Optional function parameters: Use default arguments (NULL) or overload the function?

https://stackoverflow.com/questions/703453

22-08-2019
|

Question

I have a function that processes a given vector, but may also create such a vector itself if it is not given.

I see two design choices for such a case, where a function parameter is optional:

Make it a pointer and make it NULL by default:

void foo(int i, std::vector<int>* optional = NULL) {
  if(optional == NULL){
    optional = new std::vector<int>();
    // fill vector with data
  }
  // process vector
}

Or have two functions with an overloaded name, one of which leaves out the argument:

void foo(int i) {
   std::vector<int> vec;
   // fill vec with data
   foo(i, vec);
}

void foo(int i, const std::vector<int>& optional) {
  // process vector
}

Are there reasons to prefer one solution over the other?

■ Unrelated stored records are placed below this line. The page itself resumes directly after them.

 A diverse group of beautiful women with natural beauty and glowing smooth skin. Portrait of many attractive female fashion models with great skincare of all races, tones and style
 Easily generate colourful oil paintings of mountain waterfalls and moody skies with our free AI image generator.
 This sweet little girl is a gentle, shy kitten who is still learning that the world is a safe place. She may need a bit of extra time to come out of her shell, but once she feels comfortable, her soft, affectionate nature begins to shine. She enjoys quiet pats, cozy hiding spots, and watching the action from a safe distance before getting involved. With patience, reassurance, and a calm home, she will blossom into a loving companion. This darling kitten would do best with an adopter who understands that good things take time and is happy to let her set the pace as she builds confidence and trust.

I slightly prefer the second one because I can make the vector a const reference, since it is, when provided, only read, not written. Also, the interface looks cleaner (isn't NULL just a hack?). And the performance difference resulting from the indirect function call is probably optimized away.

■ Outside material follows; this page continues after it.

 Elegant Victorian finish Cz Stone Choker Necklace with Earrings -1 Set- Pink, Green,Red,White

Yet, I often see the first solution in code. Are there compelling reasons to prefer it, apart from programmer laziness?

Solution

I would definitely favour the 2nd approach of overloaded methods.

The first approach (optional parameters) blurs the definition of the method as it no longer has a single well-defined purpose. This in turn increases the complexity of the code, making it more difficult for someone not familiar with it to understand it.

With the second approach (overloaded methods), each method has a clear purpose. Each method is well-structured and cohesive. Some additional notes:

If there's code which needs to be duplicated into both methods, this can be extracted out into a separate method and each overloaded method could call this external method.
I would go a step further and name each method differently to indicate the differences between the methods. This will make the code more self-documenting.

OTHER TIPS

I would not use either approach.

In this context, the purpose of foo() seems to be to process a vector. That is, foo()'s job is to process the vector.

But in the second version of foo(), it is implicitly given a second job: to create the vector. The semantics between foo() version 1 and foo() version 2 are not the same.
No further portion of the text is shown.